__TRY IT__. Repeat every line from the line containing "ekonomka Danuše Nerudová" to the end of the data, exactly. Leave the pictures out.

** Opening DATASET SECTION block **

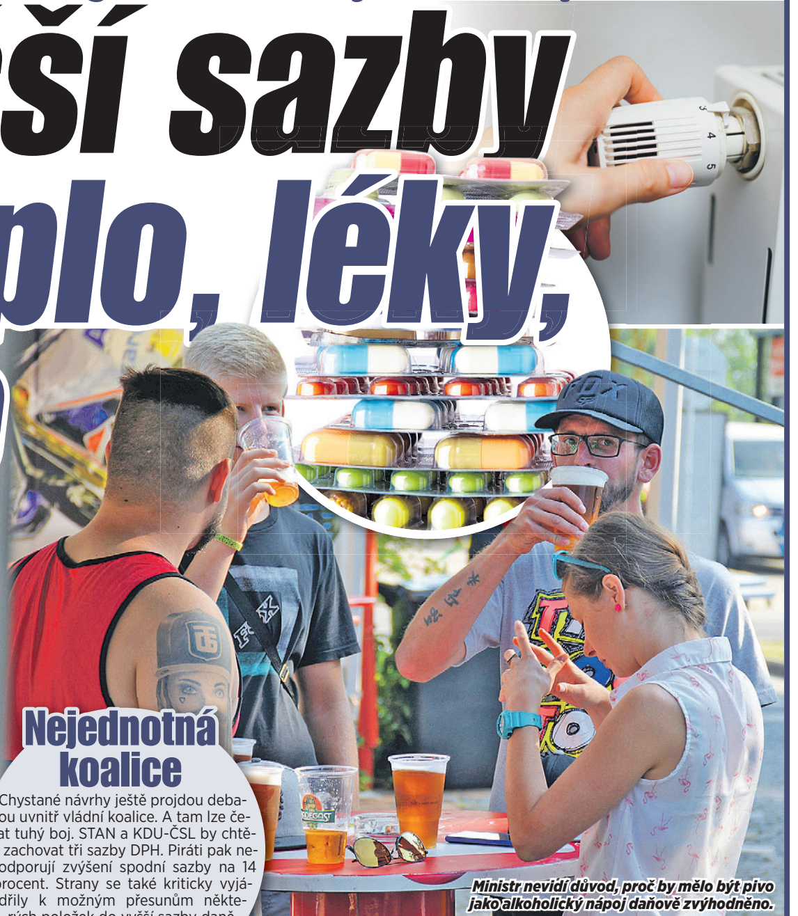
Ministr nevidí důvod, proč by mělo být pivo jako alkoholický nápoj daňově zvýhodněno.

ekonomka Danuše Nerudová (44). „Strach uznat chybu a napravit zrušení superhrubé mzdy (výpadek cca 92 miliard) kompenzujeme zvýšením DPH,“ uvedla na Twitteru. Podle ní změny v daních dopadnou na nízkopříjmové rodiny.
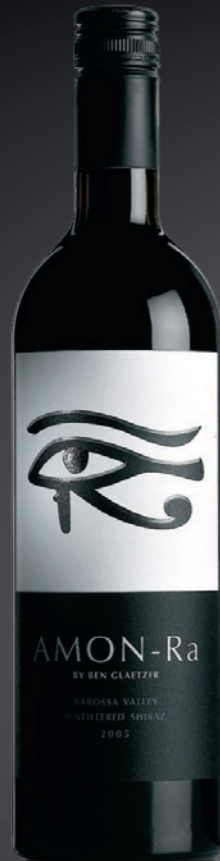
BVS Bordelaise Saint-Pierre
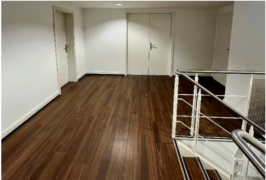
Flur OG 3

** Closing DATASET SECTION block **

__WORKED SOLUTION__.
ekonomka Danuše Nerudová (44). „Strach uznat chybu a napravit zrušení superhrubé mzdy (výpadek cca 92 miliard) kompenzujeme zvýšením DPH,“ uvedla na Twitteru. Podle ní změny v daních dopadnou na nízkopříjmové rodiny.
BVS Bordelaise Saint-Pierre
Flur OG 3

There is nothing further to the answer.